DATA SEGMENT: Begin

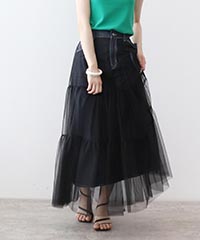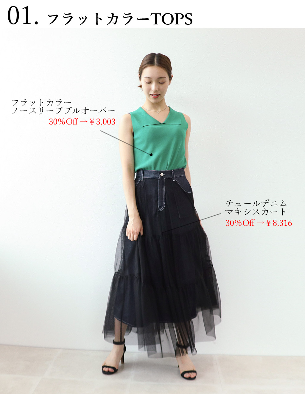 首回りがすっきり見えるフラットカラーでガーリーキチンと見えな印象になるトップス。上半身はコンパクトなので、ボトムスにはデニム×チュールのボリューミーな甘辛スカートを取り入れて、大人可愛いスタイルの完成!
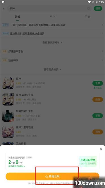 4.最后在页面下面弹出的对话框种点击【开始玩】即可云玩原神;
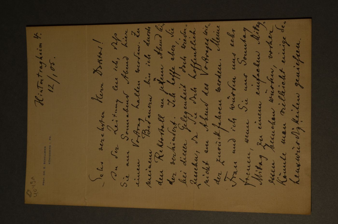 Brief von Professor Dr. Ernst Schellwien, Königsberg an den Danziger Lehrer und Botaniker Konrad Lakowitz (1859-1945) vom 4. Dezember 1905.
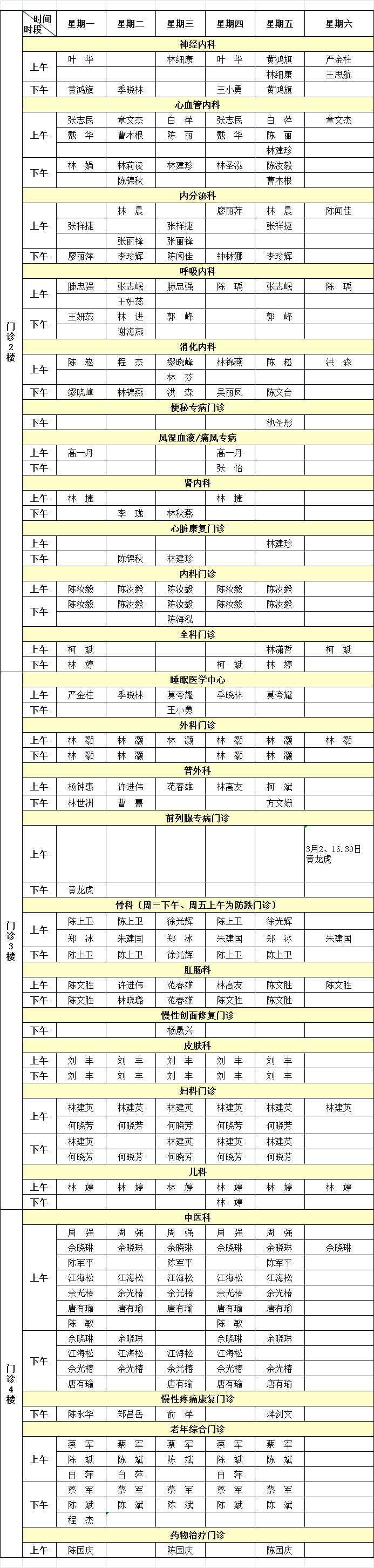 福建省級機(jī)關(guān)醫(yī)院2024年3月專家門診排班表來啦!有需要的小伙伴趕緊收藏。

DATA SEGMENT: End

#### [WORK INSTRUCTIONS]
Output, exactly and without pictures, the span of lines that starts at the line containing "4.最后在页面下面弹出的对话框种点击【开始玩】即可云玩原神;" and ends at the last line above.

#### [RESULT BELOW]
 4.最后在页面下面弹出的对话框种点击【开始玩】即可云玩原神;
 Brief von Professor Dr. Ernst Schellwien, Königsberg an den Danziger Lehrer und Botaniker Konrad Lakowitz (1859-1945) vom 4. Dezember 1905.
 福建省級機(jī)關(guān)醫(yī)院2024年3月專家門診排班表來啦!有需要的小伙伴趕緊收藏。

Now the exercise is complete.